By the way, on another forum I have found a lady (yes, a disabled mum shock horror!) who is v proactive & wants to set up something where disabled parents can exchange parenting equipment when we've finished using it... I think it's a great idea & I wanted to share it as I figure there are some disabled parents reading this thread.

Sorry if it's not appropriate to share it here but I am really into the idea of disabled parents becoming a supportive group - I've not met one except online (except myself of course!). Please ignore :)

I'm a disabled mum of 3. Following an ear infection last December I had an extreme immunological response and the nerves in my legs below the knee, hands, forearms and lower face were severely damaged and in my feet and hands they are totally dead. The numbness ebbs and flows depending on my monthly IV infusions, I also have a severe balance problem and can't figure out where m hands and feet are when they are out of my vision (th best way I can describe it is that if I close my eyes, I "miss" when I clap my hands!).

I walk slowly, unsteadily like a toddler. I use a wheelchair for long distances. I find fine tasks like chopping, sewing, writing.

It's been amazing to see people's reactions! A large minority refuse to believe me, with ridiculous responses like "ah well, you never know what's round the corner", or "I know God is going to heal you", or "but you look so well !".

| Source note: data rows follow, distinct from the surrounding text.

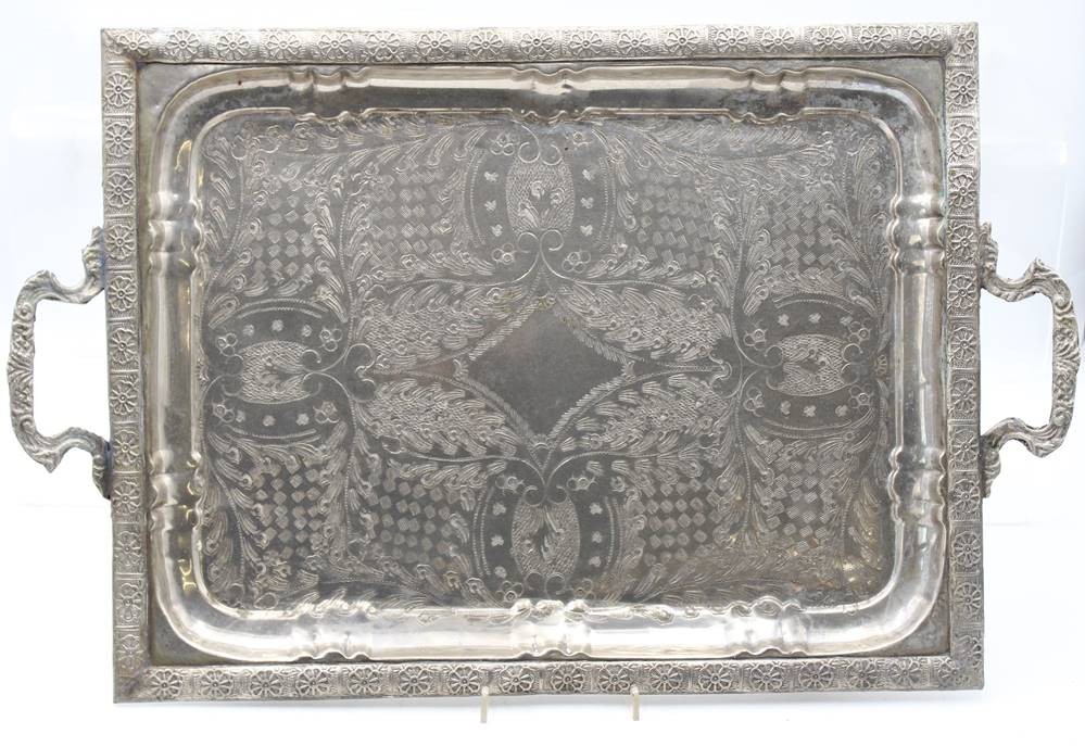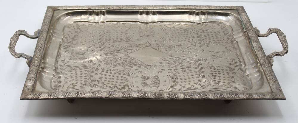 gr. Serviertablett, wohl Indien, Metall silberfarben, ca. 55 x 35cm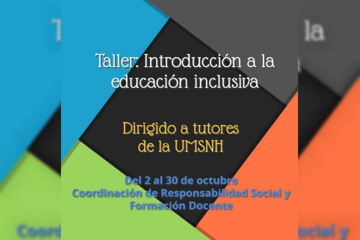 Con la intención de introducir y sensibilizar al docente tutor en el desafÃo del trabajo inclusivo del quehacer cotidiano y su vida académica, la Universidad Michoacana de San Nicolás de Hidalgo, a través de la Coordinación de Responsabilidad Social y Formación Docente invita a los tutores nicolaitas al Taller "Introducción a la Educación Inclusiva".
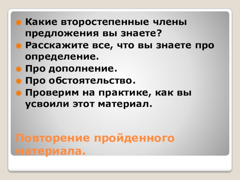 Повторение пройденного материала.Какие второстепенные члены предложения вы знаете?Расскажите все, что вы знаете про определение.Про дополнение.Про обстоятельство.Проверим на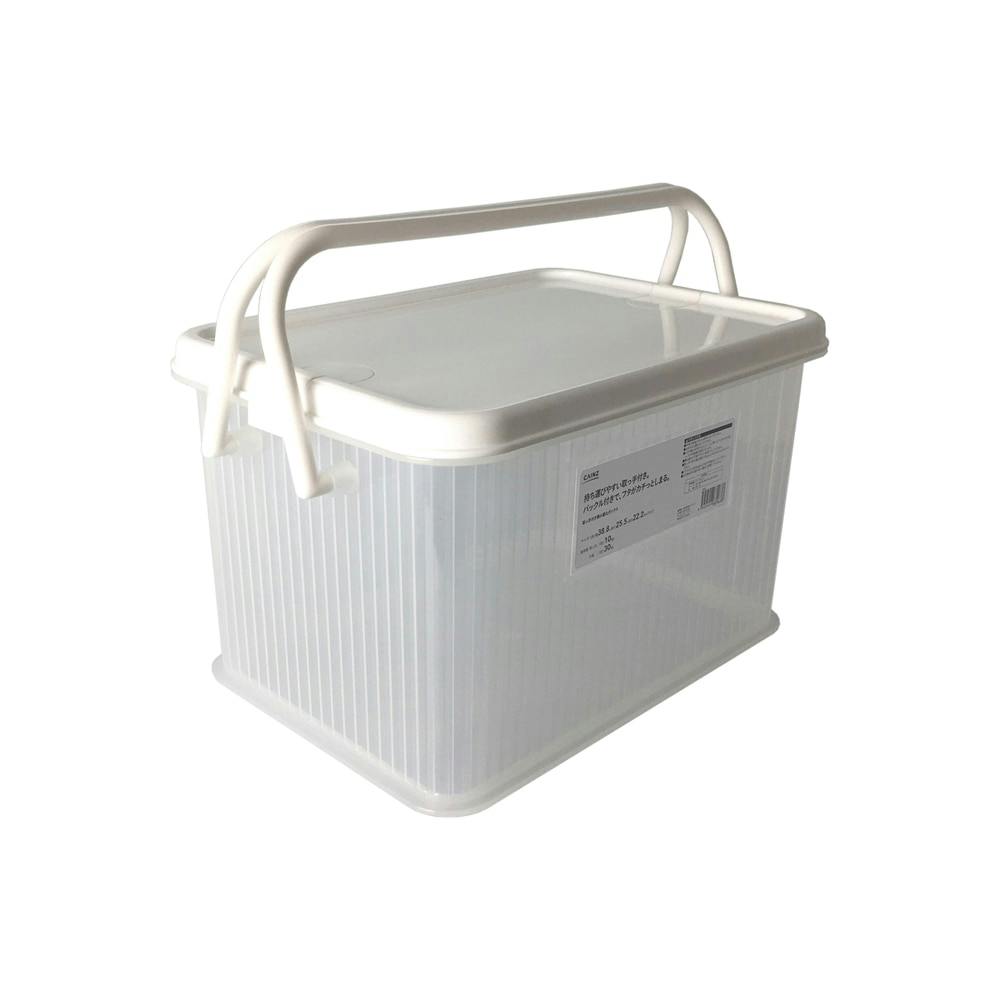 持ち運びやすい取っ手付き。バックル付きで、フタがカチッとしまる。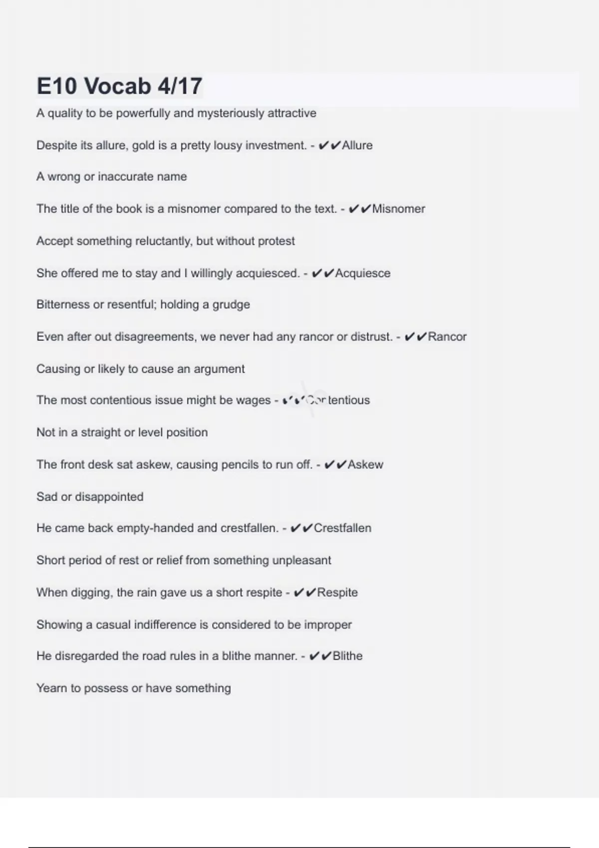 E10 Vocab 4/17 A quality to be powerfully and mysteriously attractive Despite its allure, gold is a pretty lousy investment. - Allure A wrong or inaccurate name The title of the book is a misnomer compared to the text. - Misnomer Accept something reluctantly, but without protest She offered me to stay and I willingly acquiesced. - Acquiesce Bitterness or resentful; holding a grudge Even after out disagreements, we never had any rancor or distrust. - Rancor Causing or likely to cause an argument The most contentious issue might be wages - Contentious Not in a straight or level position The front desk sat askew, causing pencils to run off. - Askew Sad or disappointed He came back empty-handed and crestfallen. - Crestfallen Short period of rest or relief from something unpleasant When digging, the rain gave us a short respite - Respite Showing a casual indifference is considered to be improper He disregarded the road rules in a blithe manner. - Blithe Yearn to possess or have something % I constantly covet to rare shoes. - Covet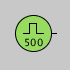 De puls generator heeft geen ingangen alleen een uitgang. Deze uitgang toggelt elke x aantal tijd. Deze tijd kan je instellen in millisecondes. De tijd instellen kan je doen door met je muis boven de 0 te hangen. Bovenin verschijnt dan deze tekst.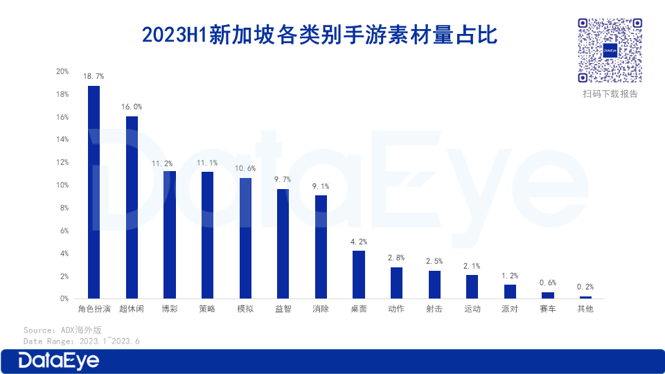 2023 H1新加坡投放素材量最高的游戏类型为角色扮演游戏,其次为超休闲和博彩游戏。Top3游戏类型素材占比新加坡素材总量约46%。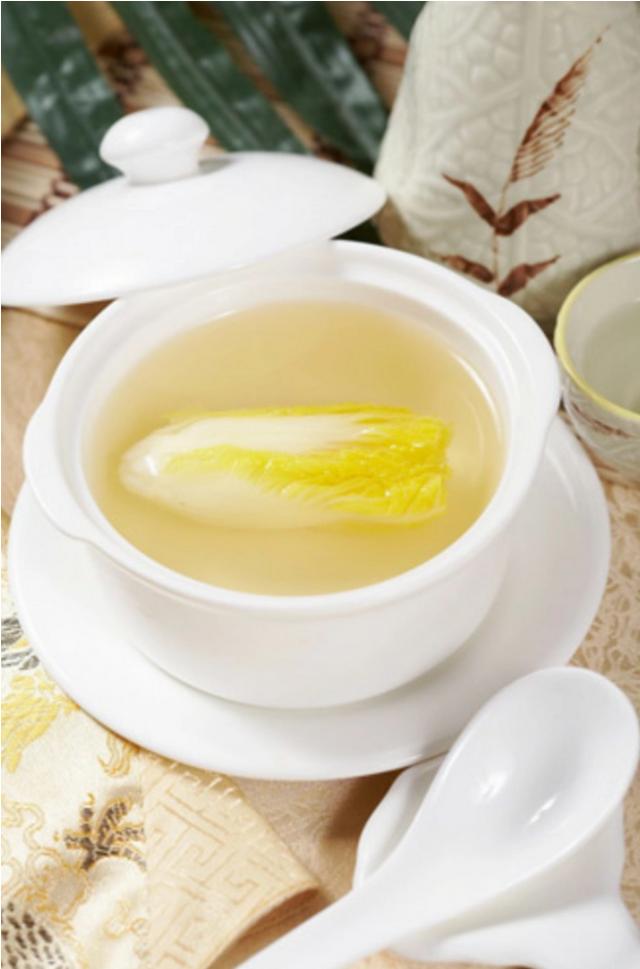 汤清澈见底,却不是开水,用高汤精心熬制而成,白菜选用初冬时未熟透白菜的菜心。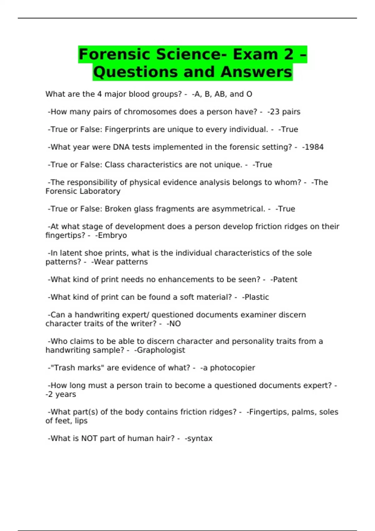 Forensic Science- Exam 2 – Questions and Answers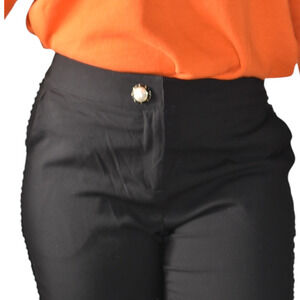 St. John Collection wool pants FEATURE tuxedo style velvet trim down the outer side seam. Mid rise waist. Straight legs. Cropped ankle length. Button closure. Ornate imitation pearl button. Made in USA.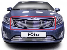 Декоративная накладка на решетку радиатора Kia Rio, хром — это яркая деталь тюнинга плюс эффективная защита радиатора вашего авто. Как декоративный аксессуар, накладка на радиатор станет оригинальным дополнением к внешнему виду автомобиля. С другой стороны, она защитит решетку радиатора от негативного воздействия пыли, грязи и влаги, а также от механических повреждений.

I get a lot of people feeling sorry for my children. Dd1 is 12, in first year at high school. Ds is 10 in primary6, dd2 is 8 in primary5. What most of these people don't know is that I also have borderline personality disorder, which has been successfully controlled by an amazing clinical psychology team, and I came off all my medication (antipsychotics and antidepressants) about this time last year. And despite being seriously ill in hospital (I ate so little I lost 6 stone, which to be honest I needed to lose :) ) and becoming physically disabled, it's never come back. I still see my psychologist monthly and will do so for the forseeable future.

I was actually much, much more disabled by the crushing depression that I am by the CIDP I now suffer from. I'm still working, teaching young mums basic literacy and numeracy and storytelling skills with their children. I do it from a wheelchair, and I find there is no-one more "disability blind" than a toddler. To my wee buddies I see each week, I'm just weegie who reads stories.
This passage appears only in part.